In this lab, you will learn how to run a custom model training job using the Kubeflow Pipelines SDK on Vertex AI Pipelines.

## Learning objectives

* Use the Kubeflow Pipelines SDK to build scalable ML pipelines.
* Create and containerize a custom Scikit-learn model training job that uses Vertex AI managed datasets.
* Run a batch prediction job within Vertex AI Pipelines.
* Use pre-built components, which are provided through the google_cloud_pipeline_components library, to interact with Vertex AI services.


## Vertex AI Pipelines setup
There are a few additional libraries you'll need to install in order to use Vertex AI Pipelines:

* __Kubeflow Pipelines__: This is the SDK you'll be using to build your pipeline. Vertex AI Pipelines supports running pipelines built with both Kubeflow Pipelines or TFX.
* __Google Cloud Pipeline Components__: This library provides pre-built components that make it easier to interact with Vertex AI services from your pipeline steps.

Each learning objective will correspond to a __#TODO__ in the notebook, where you will complete the notebook cell's code before running the cell. Refer to the [solution notebook](../solutions/custom_model_training.ipynb) for reference.

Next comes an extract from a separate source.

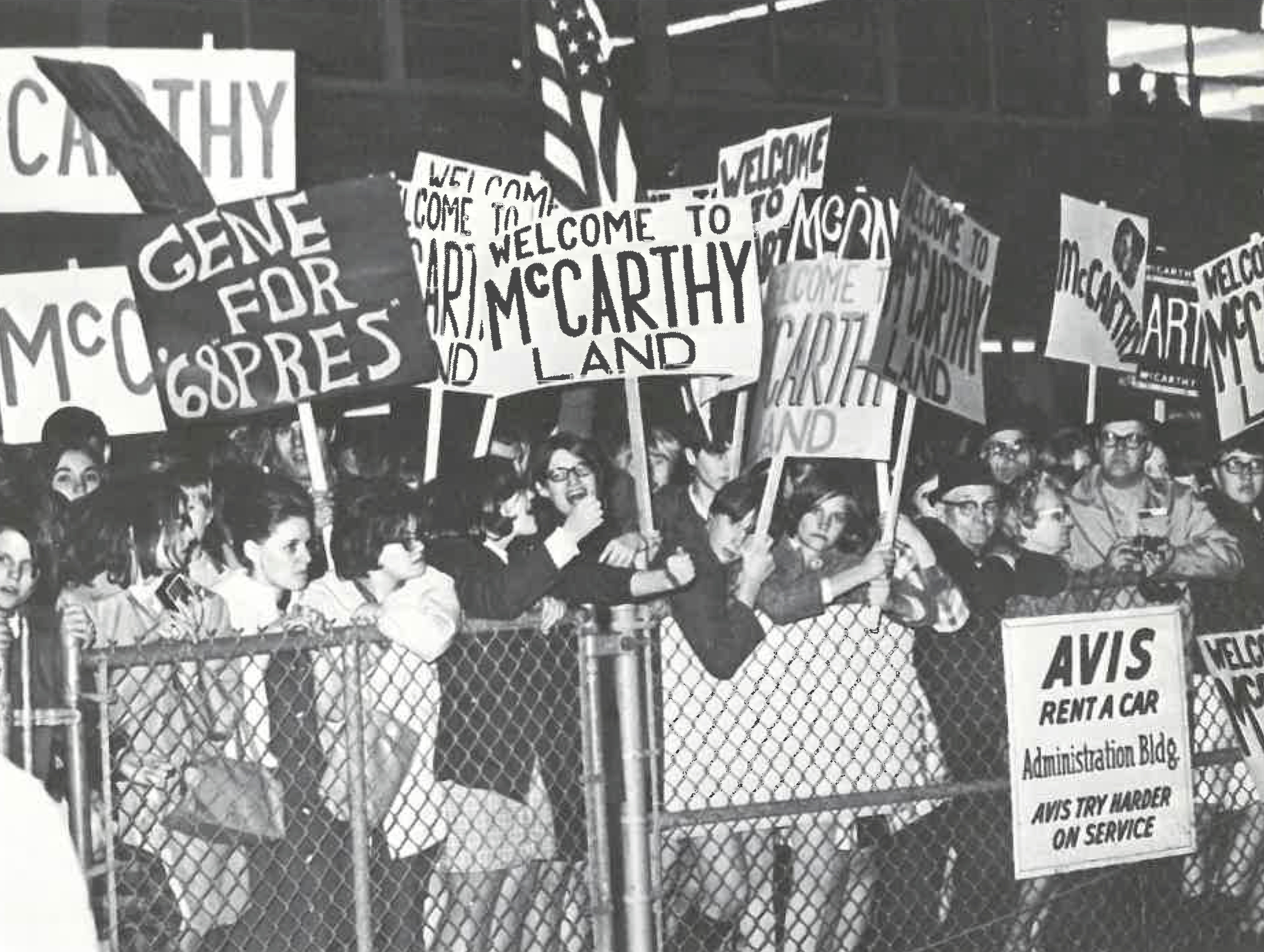 Eugene McCarthy supporters MSU-Moorhead

To install both of the services to be used in this notebook, first set the user flag in the notebook cell:

In [1]:
USER_FLAG = "--user"

In [2]:
!pip3 install {USER_FLAG} google-cloud-aiplatform==1.7.0 --upgrade
!pip3 install {USER_FLAG} kfp==1.8.9 google-cloud-pipeline-components==0.2.0

Collecting google-cloud-aiplatform==1.7.0
  Downloading google_cloud_aiplatform-1.7.0-py2.py3-none-any.whl (1.6 MB)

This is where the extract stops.